686 S.E.2d 333, 300 Ga. App. 715, 2009 Fulton County D. Rep. 3587, 2009 Ga. App. LEXIS 1249
CourtCourt of Appeals of Georgia
DecidedNovember 2, 2009
DocketA09A1432
StatusPublished
Cited by11 cases

This text of 686 S.E.2d 333 (Those Certain Underwriters at Lloyds, London v. DTI Logistics, Inc.) is published on Counsel Stack Legal Research, covering Court of Appeals of Georgia primary law. Counsel Stack provides free access to over 12 million legal documents including statutes, case law, regulations, and constitutions.

Bluebook
Those Certain Underwriters at Lloyds, London v. DTI Logistics, Inc., 686 S.E.2d 333, 300 Ga. App. 715, 2009 Fulton County D. Rep. 3587, 2009 Ga. App. LEXIS 1249 (Ga. Ct. App. 2009).

Opinion

Adams, Judge.

The entire cargo of three trailers was stolen while the trailers were parked in a Ryder Truck facility parking lot. DTI Logistics, Inc., the company transporting the cargo, had cargo insurance provided by Those Certain Underwriters at Lloyd’s, London Subscribing to Policy No. C6120102 (the “Underwriters”). The policy covers loss of cargo owned by third parties, and DTI requested reimbursement under the policy. The Underwriters denied coverage. DTI brought suit for breach of contract, and the case went to trial with DTI prevailing. On appeal, the Underwriters contend the trial court erred by denying their motion for directed verdict, by improperly instructing the jury regarding a term of the policy, and by awarding prejudgment interest.

Construed in favor of the verdict, the evidence shows that DTI is a small trucking company that leases many of its trucks from Ryder. As a consequence of the relationship, Ryder gave DTI permission to park trailers at a Ryder facility in Atlanta. In the matter at hand, Colgate-Palmolive hired DTI to ship cargo valued at over $100,000, which required three trailers. Between May 9 and May 11, 2003, DTI parked the three loaded trailers at the Atlanta Ryder facility. The trailers were detached from the tractors, closed, and securely locked with keys removed. Nevertheless, at some point, the trailers were taken from the Ryder facility by an unknown person and returned empty.

In order to protect itself, DTI had purchased motor truck cargo coverage from the Underwriters and paid the premiums. The insuring clause of the policy provides that the Underwriters agree “to *716 indemnify the Insured”:

for ALL RISKS OF PHYSICAL LOSS OR DAMAGE FROM AN EXTERNAL CAUSE to lawful cargo in and/or on a truck whilst in the Insured’s care, custody or control in the ordinary course of transit, including loading and unloading. . . .

The policy only covers cargo owned by third parties: the policy specifically excludes property of the insured; and “cargo” is defined not to include property or equipment owned, hired or leased by the insured. Colgate-Palmolive is not a party to this action.

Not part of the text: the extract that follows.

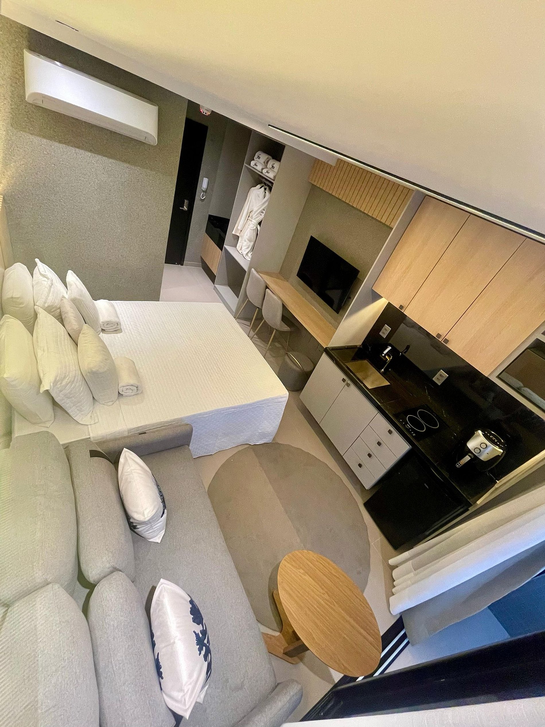 O apartamento é completo, com cama e sofá-cama super confortável e uma pequena varanda. Cozinha compacta e funcional.

Exclusion k of the policy excludes coverage for

[a]ny losses from unattended! 1 ] trucks while in the ordinary course of transit unless:
a) The truck is garaged in a building or parked in a fully enclosed yard which is securely closed and locked, or the truck is under constant surveillance, or on a guarded lot AND
b) The truck has all the openings closed and securely locked and keys removed, in so far as the local regulations permit.

The term “truck” is defined to include “trailers and semi-trailers.” And even an unattended trailer temporarily detached from a truck or tractor is covered if parked and secured in the same manner set out above. But the policy does not define a “guarded lot.”

Prior to trial, the court granted partial summary judgment in favor of the Underwriters, finding undisputed that the trailers were not in a building, parked in a fully enclosed yard, or under constant surveillance. The court submitted to the jury the question of whether the trailers were on a “guarded lot,” as well as the question of the amount of damages DTI was entitled to recover. After the close of evidence, the court determined that the damages were liquidated at an amount of $101,718.07, after application of a deductible in the policy. The jury found that the trailers were located on a “guarded lot,” and the court entered judgment against the Underwriters for the liquidated amount plus prejudgment interest of $25,496.40.

1. The Underwriters first contend the trial court erred by denying their motion for directed verdict on the ground that DTI suffered no loss and proved no damages. “A directed verdict is *717 authorized only when there is no conflict in the evidence on any material issue and the evidence introduced, with all reasonable deductions, demands a particular verdict.” (Footnote omitted.) H. J. Russell & Co. v. Jones, 250 Ga. App. 28-29 (550 SE2d 450) (2001).

Although Colgate-Palmolive presented claims to DTI for the losses, the Underwriters proffered testimony to show that, as of the date of trial, DTI had not paid Colgate-Palmolive nor paid the intended purchasers for the loss. Consequently the Underwriters argue that DTI suffered no loss and that all periods of limitation have expired on possible claims against DTI by these parties. Therefore, the Underwriters contend, DTI has failed to prove damages, which is essential to a claim of breach of contract, and any recovery under the policy amounts to a windfall for DTI.

DTI responds that the policy was intended to cover cargo that DTI did not own and that the damages are determined by the terms of the contract. DTI presented evidence that it paid premiums to insure just such a loss, yet the Underwriters refused to pay without any basis to do so in the policy itself. Also, the policy gives the Underwriters the right to adjust with the cargo owner in the event of a loss but the Underwriters have not done so. Finally, DTI asserts that damages for breach of an insurance contract are to be measured at the time of the loss, which makes moot any argument about whether it has compensated any other party for the loss.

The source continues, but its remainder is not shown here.